This was fun last time, leggo again

I'll start with: libertarians have solid takes ~40-50% of the time and many of them just need to be pushed a step further in their thinking to turn against capitalist oppression along with state oppression. The libright-to-leftist pipeline is stronger than most seem to think it is.

  • invalidusernamelol [he/him]
    ·
    4 years ago

    You're cool, it's more a question of who's saying a government or state is authoritarian. Is it the workers within that state, or ex-pats and NGOs that are aligned with western interests.

    Authoritarian policy is a natural consequence of proletarian dictatorship. Especially a ML revolution. It's the job of the vanguard to crush the capitalist institutions that exploit the workers (which to the owners seems to be authoritarian).

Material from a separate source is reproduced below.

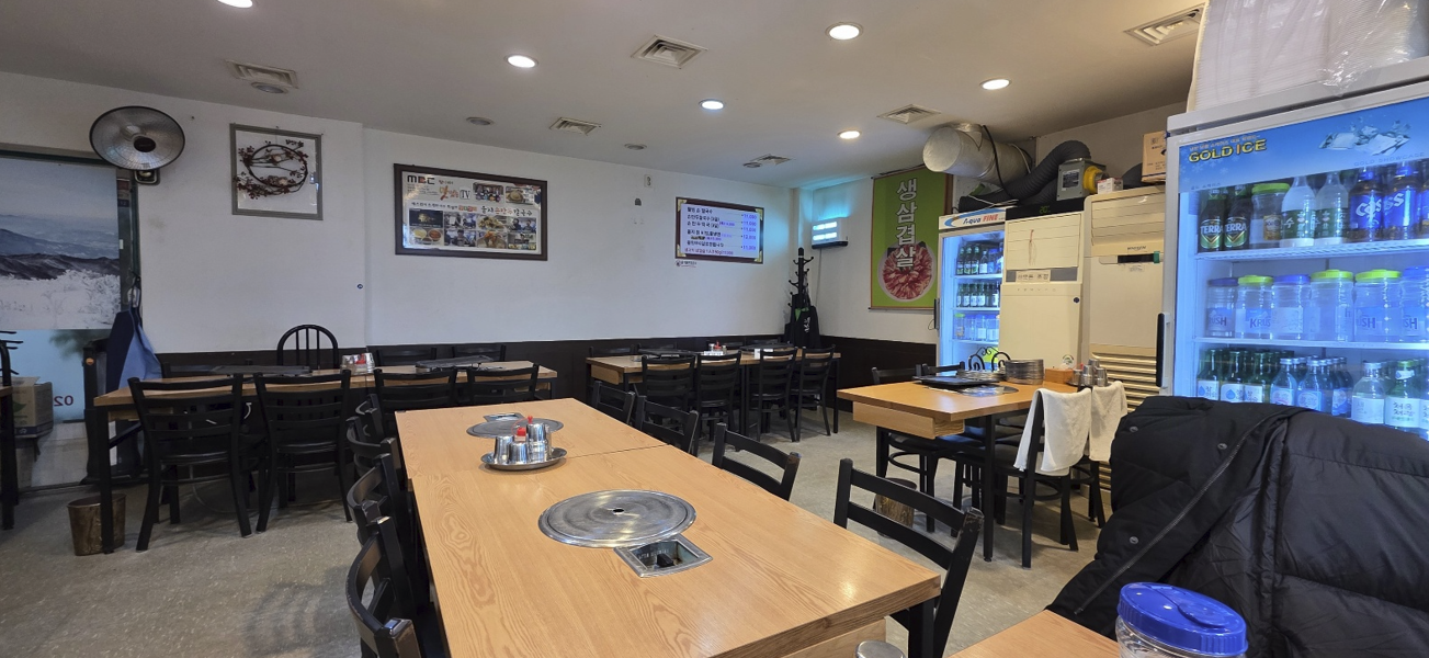 입구를 기준으로 좌측 테이블 위 형광등은 꺼져 있었고, 중앙과 우측 테이블 쪽에만 손님들이 앉아 있었다. 우측은 또 다른 출입구가 있는 방향이라 동선이 그쪽으로 자연스럽게 모이는 느낌이었다. 전체적으로는 한 타임이 정리되고, 브레이크타임을 앞둔 분위기였다.

    When the vanguard liberalises and allows the accumulation of capital to return, it becomes authoritarian in the opposite direction. It takes from the workers and gives to the new owner class.

    Of course, the west would never say this is an authoritarian government. They'd just say that "democracy has returned".

    • BlueMagaChud [any]
      ·
      edit-2
      4 years ago

      Unless someone can instantly convert all of society into classlessness, then authoritarianism is unavoidable, you'll either have the authoritarianism of the dictatorship of the bourgeoisie or the authoritarianism of the dictatorship of the proletariat. I have yet to see any materially possible way of instant class abolition, so the only way out is through.